Below are records to be repeated in full. Give them exactly.

Task input
:::::

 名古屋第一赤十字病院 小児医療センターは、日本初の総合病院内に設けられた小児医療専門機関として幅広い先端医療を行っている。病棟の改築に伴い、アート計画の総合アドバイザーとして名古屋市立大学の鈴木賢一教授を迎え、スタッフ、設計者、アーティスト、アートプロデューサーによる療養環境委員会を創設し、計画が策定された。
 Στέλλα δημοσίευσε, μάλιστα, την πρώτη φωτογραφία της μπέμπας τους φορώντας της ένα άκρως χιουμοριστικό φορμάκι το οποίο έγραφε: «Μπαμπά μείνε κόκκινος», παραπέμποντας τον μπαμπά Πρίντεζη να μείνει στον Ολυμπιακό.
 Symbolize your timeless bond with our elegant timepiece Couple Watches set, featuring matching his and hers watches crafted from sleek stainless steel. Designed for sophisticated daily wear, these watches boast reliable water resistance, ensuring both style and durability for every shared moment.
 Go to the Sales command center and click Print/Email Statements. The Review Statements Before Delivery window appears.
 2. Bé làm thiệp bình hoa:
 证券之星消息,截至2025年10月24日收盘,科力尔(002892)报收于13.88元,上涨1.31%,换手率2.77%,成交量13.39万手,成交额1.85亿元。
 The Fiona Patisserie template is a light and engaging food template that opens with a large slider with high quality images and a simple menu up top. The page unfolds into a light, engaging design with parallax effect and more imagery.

:::::

Task result
 名古屋第一赤十字病院 小児医療センターは、日本初の総合病院内に設けられた小児医療専門機関として幅広い先端医療を行っている。病棟の改築に伴い、アート計画の総合アドバイザーとして名古屋市立大学の鈴木賢一教授を迎え、スタッフ、設計者、アーティスト、アートプロデューサーによる療養環境委員会を創設し、計画が策定された。
 Στέλλα δημοσίευσε, μάλιστα, την πρώτη φωτογραφία της μπέμπας τους φορώντας της ένα άκρως χιουμοριστικό φορμάκι το οποίο έγραφε: «Μπαμπά μείνε κόκκινος», παραπέμποντας τον μπαμπά Πρίντεζη να μείνει στον Ολυμπιακό.
 Symbolize your timeless bond with our elegant timepiece Couple Watches set, featuring matching his and hers watches crafted from sleek stainless steel. Designed for sophisticated daily wear, these watches boast reliable water resistance, ensuring both style and durability for every shared moment.
 Go to the Sales command center and click Print/Email Statements. The Review Statements Before Delivery window appears.
 2. Bé làm thiệp bình hoa:
 证券之星消息,截至2025年10月24日收盘,科力尔(002892)报收于13.88元,上涨1.31%,换手率2.77%,成交量13.39万手,成交额1.85亿元。
 The Fiona Patisserie template is a light and engaging food template that opens with a large slider with high quality images and a simple menu up top. The page unfolds into a light, engaging design with parallax effect and more imagery.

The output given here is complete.